I am waiting for the bolt to be taken out of my tire and for the tire to be patched. The wait is longer than expected and especially difficult. My phone is about to go dead and when it does, I'll be cut off from my family. We are in the middle of a crisis.
Other people are waiting in the service area too. An older gentleman, a woman, and a man with a baby girl who can crawl. She is absolutely delightful and so happy! She moves freely about the children's romper room, comes to the door and wants to engage with me. She smiles and gurgles. Coos. Even laughs. But her preciousness just magnifies my pain. I smile and swoon over her as much as I can, but the tears start to roll and I have to turn away.
The father knows how adorable she is too, and when she flirts with me, he beams with pride.
Under different circumstances, I would ask what her name is. I would ask how old she is. I would tell him how beautiful and precious she is. I might even get down to her level and have a little chat.
The father leaves the romper room and sits on one of the chairs across from the door. Little pumpkin comes to the door, looks at Dad, looks at me, then ventures forward.

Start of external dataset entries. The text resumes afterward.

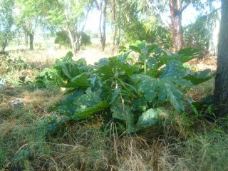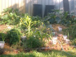Here are some photos of my vege patch. Unfortunately the trees are shading the vege patch in the afternoon- makes a lousy photo but will help protect the plants from the heat of summer. At the moment I'm growing corn (seeds haven't germinated very well until the batch I just planted out, and even they only germinated about 50%), a white-skinned water melon, tomatoes, broccoli, cucumber (self-sown from last year) and what I thought was a zucchini plant, also self-sown, but it's looking more and more like the same variety of cucumber plant. The cucumber plant is about a metre across and has produced just the one fruit so far… but that should change as the weather warms up.
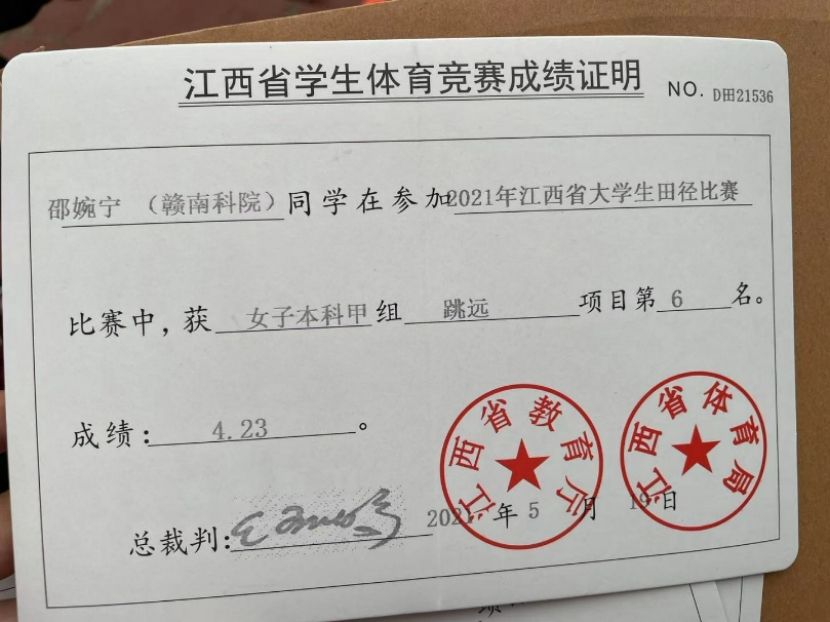 邵婉宁,女,机电工程系机电191班,现担任班级班长。从小比较活泼好动,喜欢运动,从初中的校运会开始了解到田径运动,发现自己在运动方向特别热爱更是在高中时期接触到各种球类项目,尤其是排球足球项目,也曾代表呼伦贝尔市中小学参加自治区球类比赛;大学时曾随校队多次参加省运动会并取得不错的成绩。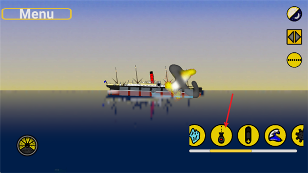 4. 点击右下角的瞄准按钮,可使用多种方式攻击船只,例如发射炮弹 ,使其加速下沉。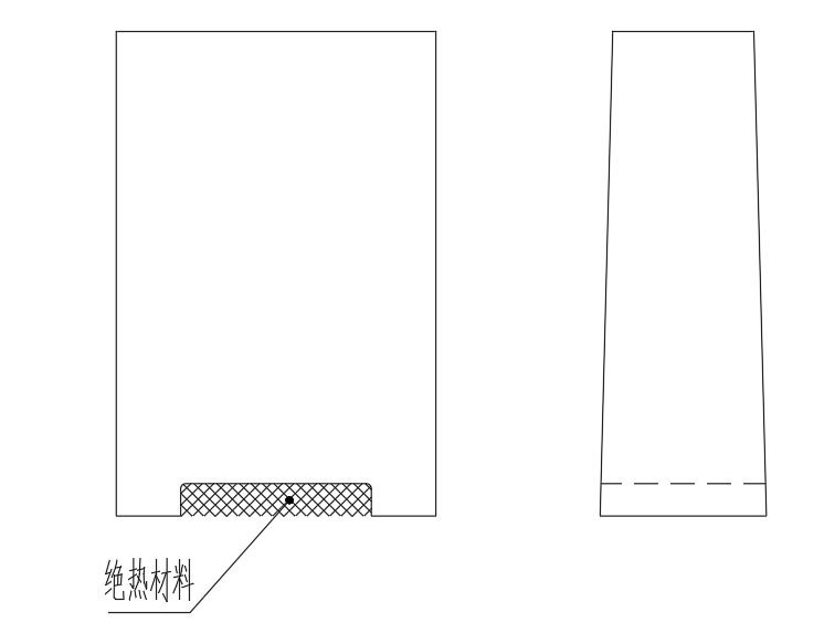 鑒于此,可以采用凹槽型復(fù)合磚設(shè)計(jì),如圖4所示,工作層材質(zhì)不變,尾部開(kāi)槽后填充納米板等絕熱材料。這種凹槽磚型復(fù)合磚,不僅生產(chǎn)和施工方便,而且可以取得降低筒體外壁溫度30-50℃左右效果。

She crawls across the tile, makes it to the carpet, then moves right past my back pack obstacle. Dad apologizes for her getting in my way. I can barely squeak out a "She's fine."
Almost two years ago, a dear family friend delivered a beautiful stillborn baby, who died from her mother's cholestatis of pregnancy. She was only days from being a healthy full term baby. The mother started to itch and one of her caregiver's missed the all important clue.

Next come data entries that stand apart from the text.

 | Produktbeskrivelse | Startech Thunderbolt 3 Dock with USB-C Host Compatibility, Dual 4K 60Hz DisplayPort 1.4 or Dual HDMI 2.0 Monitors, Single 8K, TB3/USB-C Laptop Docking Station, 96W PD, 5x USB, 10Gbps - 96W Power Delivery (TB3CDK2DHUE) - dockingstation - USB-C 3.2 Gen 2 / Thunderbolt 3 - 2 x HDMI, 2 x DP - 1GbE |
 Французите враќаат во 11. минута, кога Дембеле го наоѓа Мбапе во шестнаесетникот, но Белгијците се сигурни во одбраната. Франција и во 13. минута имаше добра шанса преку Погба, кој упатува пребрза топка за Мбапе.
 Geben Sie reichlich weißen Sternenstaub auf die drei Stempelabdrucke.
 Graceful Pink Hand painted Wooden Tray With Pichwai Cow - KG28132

Today, my daughter called to tell me she's inflicted with the same culprit that took our friend's baby. Her baby must come early, by cesarean section, but it's a tricky decision. A life/death decision: push her birth back as long as they dare so she develops, or just take her now?
I want to tell the stranger with the baby girl how precious she is. I want to tell him I'm waiting to hear an update about my daughter's precarious position. I want to tell him, that my expectant daughter's older sister has a best friend and sister-in-law who both had a stillborn baby and she is in a near panic over her younger sister having the same thing happen. But I can't. I won't. I pull all my emotions inside and stand at the window and gaze.
I'm just another lady at the car dealership waiting for a repair. I keep my facade because that's what normal people do. Who could even imagine the thoughts and worries running through the quiet lady's mind.
I think of a small sign at the allergist's office: Be kind to everyone, you never know what they're going through.